ハイレゾが提供する「GPUSOROBAN」は、画像生成AIやLLM(大規模言語モデル)といった、膨大な計算処理を必要とするAIアプリケーションの高速化を可能にするGPUクラウドサービスです。データセンターの建設コストや運用コストを抑える独自のノウハウによって、NVIDIA製の高性能なGPUサーバーを低コストで提供しています。

「GPUSOROBAN」はこれまでに累計2,000件を超える利用実績があり、IT業界だけでなく、製造業、建設業、さらには大学研究機関まで、幅広い分野でAI開発や研究に活用されています。高価なGPUを自社で所有することなく、必要な時に高性能な計算資源を利用できるため、AI導入を検討する多くの企業にとって強力な味方となっています。

GPUSOROBANの詳細については、以下のウェブサイトをご覧ください。
GPUSOROBAN

株式会社ハイレゾについて

株式会社ハイレゾは、2019年の創業以来、GPUデータセンターの運営とGPUクラウドサービス「GPUSOROBAN」の提供を通じて、AI分野の発展に貢献してきました。

同社は、地方に拠点を展開することで、地方創生と生成AIの発展を同時に推進しています。

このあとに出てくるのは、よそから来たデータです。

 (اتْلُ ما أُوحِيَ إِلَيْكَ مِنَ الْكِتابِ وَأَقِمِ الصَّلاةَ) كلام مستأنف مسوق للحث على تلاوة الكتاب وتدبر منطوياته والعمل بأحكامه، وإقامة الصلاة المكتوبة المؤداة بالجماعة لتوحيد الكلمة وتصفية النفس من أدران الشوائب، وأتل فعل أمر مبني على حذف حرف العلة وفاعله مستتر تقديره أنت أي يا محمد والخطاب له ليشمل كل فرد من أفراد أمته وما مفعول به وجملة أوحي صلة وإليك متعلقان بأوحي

その取り組みは高く評価されており、2022年6月にはNVIDIAより「Best CSP Partner of the Year」を受賞。さらに2024年4月には、経済産業省による「クラウドプログラム」供給確保計画にも認定されるなど、その技術力と事業戦略が国からも認められています。

株式会社ハイレゾのコーポレートサイトはこちらです。
株式会社ハイレゾ

まとめ:秋田から始まる新たなAI時代の幕開け

株式会社ハイレゾによる秋田県男鹿市でのAIデータセンター開設は、単に新たな施設が誕生するというだけでなく、地方の未利用資産の有効活用、地域経済の活性化、そして次世代のデジタル人材育成といった多岐にわたる意義を持っています。

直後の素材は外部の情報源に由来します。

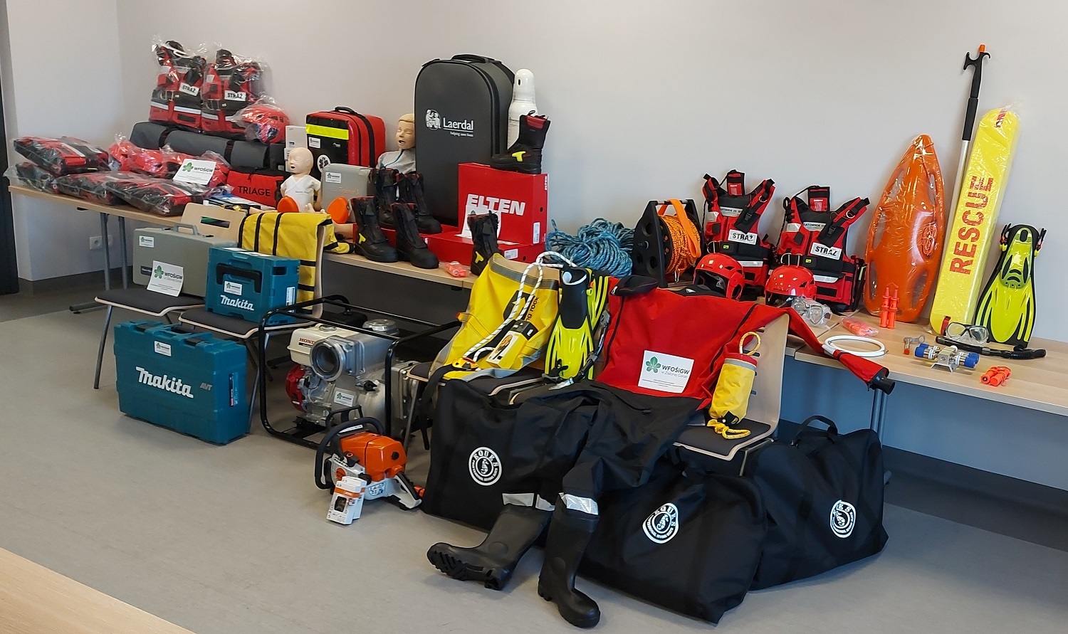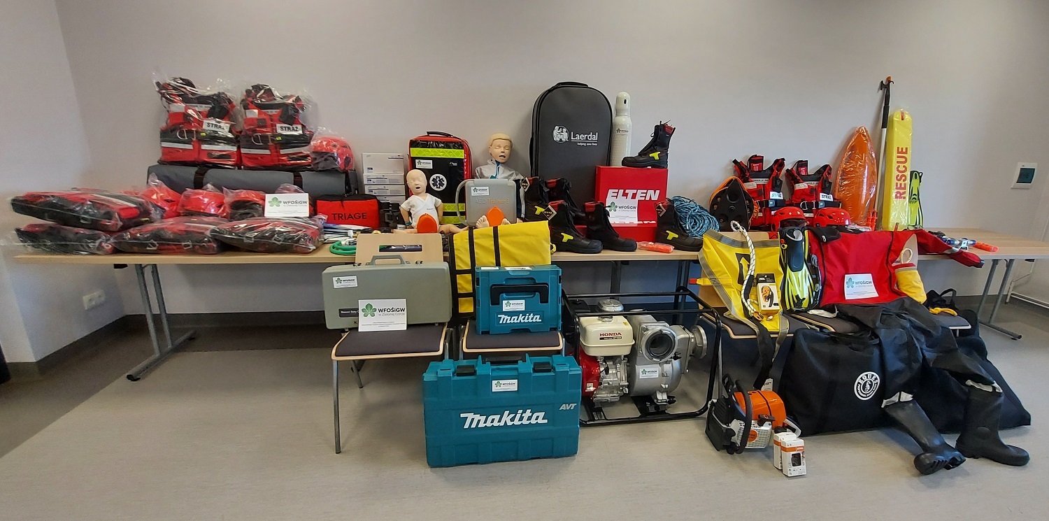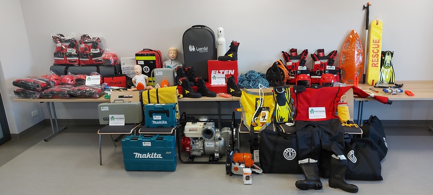 z zakresu ratownictwa wodnego, wysokościowego, medycznego oraz wyposażenia dla Komendy Powiatowej Państwowej Straży Pożarnej we Wschowie. Zakupione obuwie specjalne o wysokim standardzie wpłynie na bezpieczeństwo i komfort pracy podczas działań ratowniczo-gaśniczych, ćwiczeń i szkoleń. Zakupiony sprzęt i wyposażenie stanowi doposażenie uwzględniając normatywy, wymagania sprzętowe wynikające ze standardów wyposażenia z poszczególnych dziedzin ratownictwa w krajowym systemie ratowniczo-gaśniczym.

AI技術の発展は、私たちの社会や生活に大きな変化をもたらす可能性を秘めています。その基盤となる計算力を地方から安定的に供給することで、日本全体のAIイノベーションがさらに加速することが期待されます。秋田県男鹿市でのこの新たな挑戦が、地域とAIが共存共栄する持続可能な社会の実現に向けた、大きな一歩となることでしょう。